Nirmala Sitharaman To India Inc.: ‘Pray, Please Wake Up The Animal Instinct’
The Budget 2019 has shown that there is no inaction on the government’s part, says Finance Minister Nirmala Sitharaman.
Finance Minister Niramala Sitharaman on Monday called upon Corporate India to awaken India’s “animal instinct”, saying the Union Budget 2019-20 and the central government is giving enough incentives to boost the Indian economy.
The government recognises the role India Inc. has to play and is taking action—both on the liquidity and insolvency front—in consultation with the Reserve Bank of India, and in efforts to drive consumption, she said in a budget round table with India Today TV.
“A situation for which the government is not responsible—governance issues, liquidity issues or solvency issues—brought a little crisis before us,” Sitharaman said. “Even for that I have offered a solution, working together with the Reserve Bank of India.”

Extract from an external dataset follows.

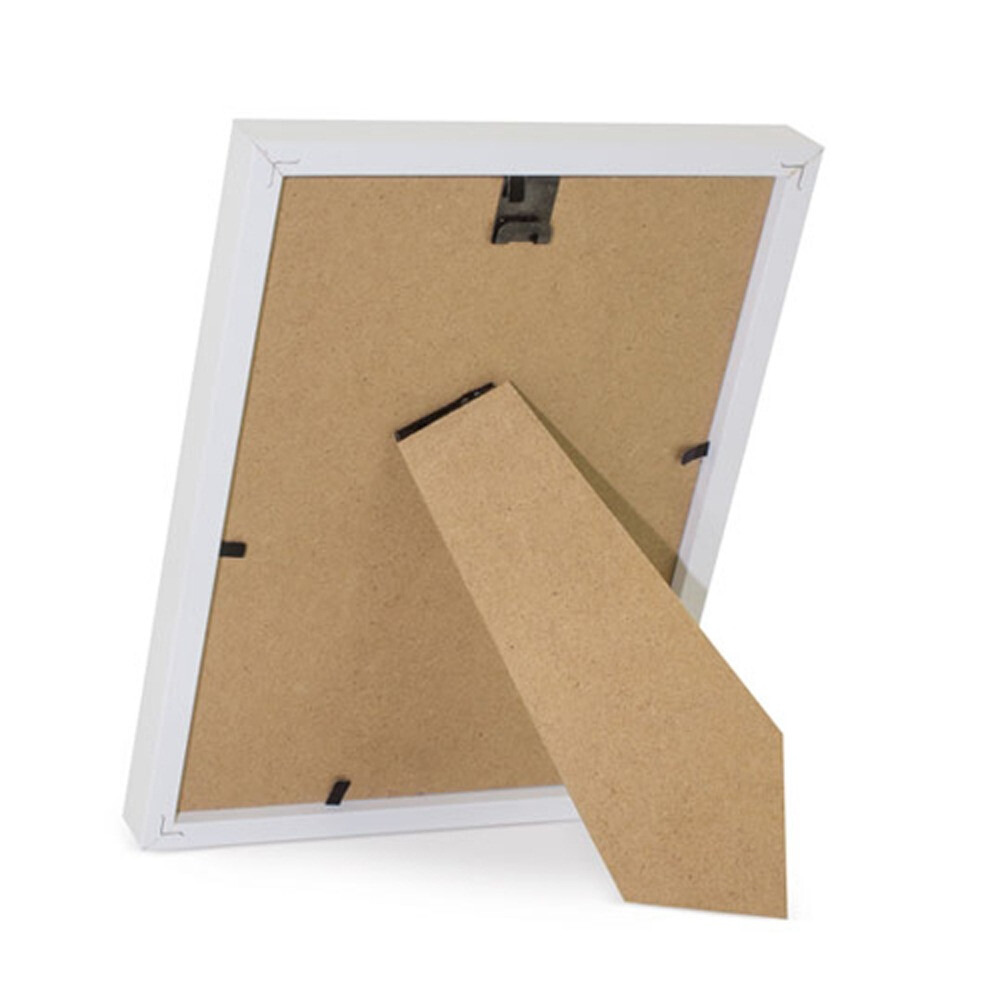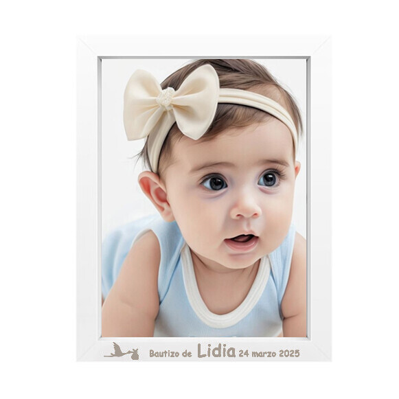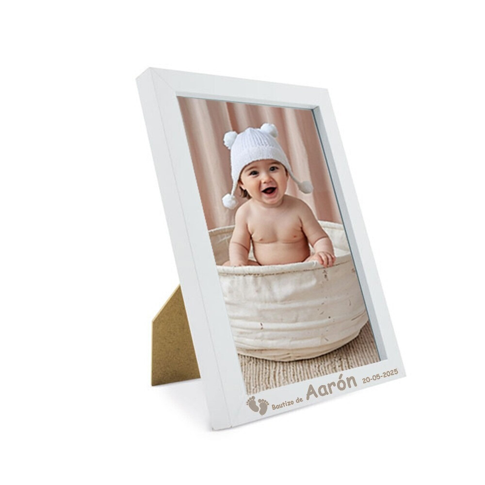 Portafotos de bautizo de madera en color blanco liso y cristal.

Not just liquidity, the Indian economy itself showed signs of fragility in the first quarter of 2019 with growth in the country’s gross domestic product slowing to a five-year low of 5.8 percent. Sale of passengers vehicles fell for the seventh straight month in May, highlighting the sluggish consumer spending while tractor sales also reflected a similar picture. The Nikkei Services PMI Index fell to its weakest level in 12 months in May. That was however, offset by a faster pace of expansion in manufacturing activity.
While the government has chosen to stick to fiscal prudence, it is not going to water down on its infrastructure commitments, Sitharaman said, adding that the intention of driving consumption is also implicit in the budget. “Pray, please wake up the animal instinct.”
The government has allotted Rs 100 lakh crore over the next five years to build roads, highways, Bharatmala, Sagarmala and other infrastructure projects.
India is using the same golden path it has followed earlier—using infrastructure spending, rural schemes, adopting technology—to put money in the hands of the people, she said. “Consumption from the point of view of investment in infrastructure, consumption from the other end of putting money into the people’s hands, consumption also to make sure the institutions which are the ones which are facilitating credit are all doing it.”
On Taxing The ‘Super Rich’
The union budget introduced a higher tax on those earning more than Rs 2 crore, urging India’s wealthy to make a larger contribution to the nation’s growth.
Sitharaman urged the “super-rich” to keep their business in India and restart a conversation with the ministry at a later time when income is more equitable.
“Ultimately this country needs a little bit more contributions from all of us. I am certainly not in agreement with people who tell me this is 'robbing Peter to pay Paul'. No, sorry. You are a part of this country and you might have to for some more time bear with a not-so-equitable tax structure,” said Sitharaman.
- Government will work on separating the politics from the economics for power tariffs.
- Look forward to “positive engagement” with the RBI.
- Government and RBI has had many discussions on development financing and will work on solutions to bring it back.
- Government will work on reducing corporate tax at the earliest.
- Institutions like the Confederation of Indian Industry, and others, need to focus on working with the states.
- Dealing with the armed forces was simpler than dealing with corporate India, with due respect to the challenges presented by both portfolios.
- Revenue and divestment target is not unrealistic.
- No other government has been imaginative enough to use various methods to put a stop on wastage of tax money.